RICHMOND -- Gov. Terry McAuliffe has vetoed part of a roughly $96 billion two-year budget that is aimed ensuring the Democratic governor cannot expand Medicaid without legislative approval.
McAuliffe announced his plans during a news conference Friday at the Capitol.
'When it comes to health care, let me make something clear, we are moving forward.', said Governor McAuliffe. 'Secretary Hazel will have a plan on my desk by September 1st' on how to move forward on health care.

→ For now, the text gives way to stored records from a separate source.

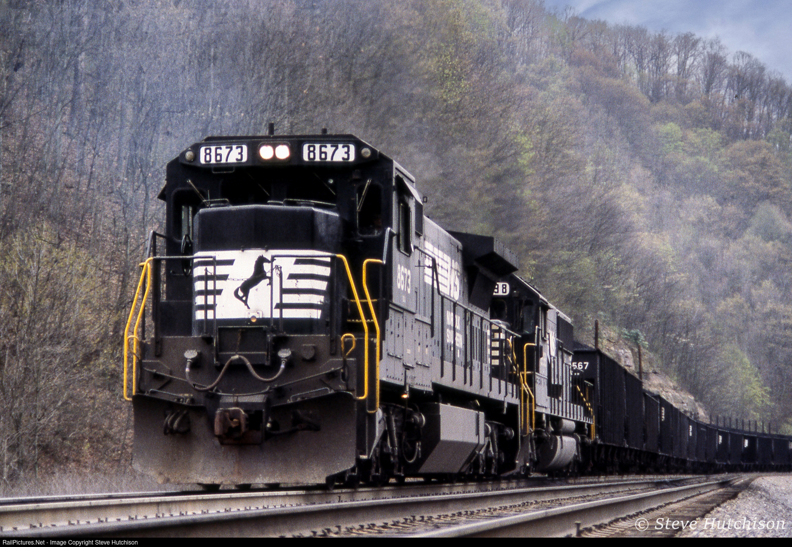 NS 8673 leads a loaded coal train up the eastbound Elkhorn grade at Maybeury West Virginia.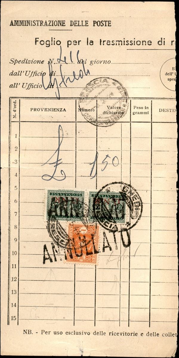 Coppia del 25 cent (50/I) + 1 lira (42 - Regno) in uso misto su ricevuta cumulativa da Ghedi del 10.5.44 - Sirotti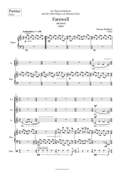 Farewell für Frauenchor, Klavier und Percussion (2021)

McAuliffe said he believes there are number of ways he can legally expand Medicaid without the General Assembly's approval. But leaders of the GOP-controlled House responded Friday that McAuliffe's does not have that power and they are prepared to fight.
General Assembly Republicans fired back that the governor has no such authority, calling the actions 'blatant executive overreach.'
'The Constitution of Virginia is very clear that only the general assembly can appropriate dollars. If he chooses to try to do this unilaterally he can expect and will get a legal challenge from the legislative body,' said Virginia Beach State Senator Frank Wagner.
Beach delegate Chris Stolle, himself a doctor, says he's still hopeful some answer to the coverage gap can be found.
'He's got to expect some push-back when he tries to strong-arm people into compliance rather than agreeing to a common goal,' Stolle said. 'I think the approach he took was wrong. It's time to come together and find solutions rather than resorting to this name-calling.'
'The governor's attempt to usurp the constitutionally proscribed powers of the legislative branch is a dangerous threat to the rule of law, separation of powers, and foundation of representative democracy that we simply cannot allow,' House Republican leaders, including House Speaker William J. Howell, said in a statement.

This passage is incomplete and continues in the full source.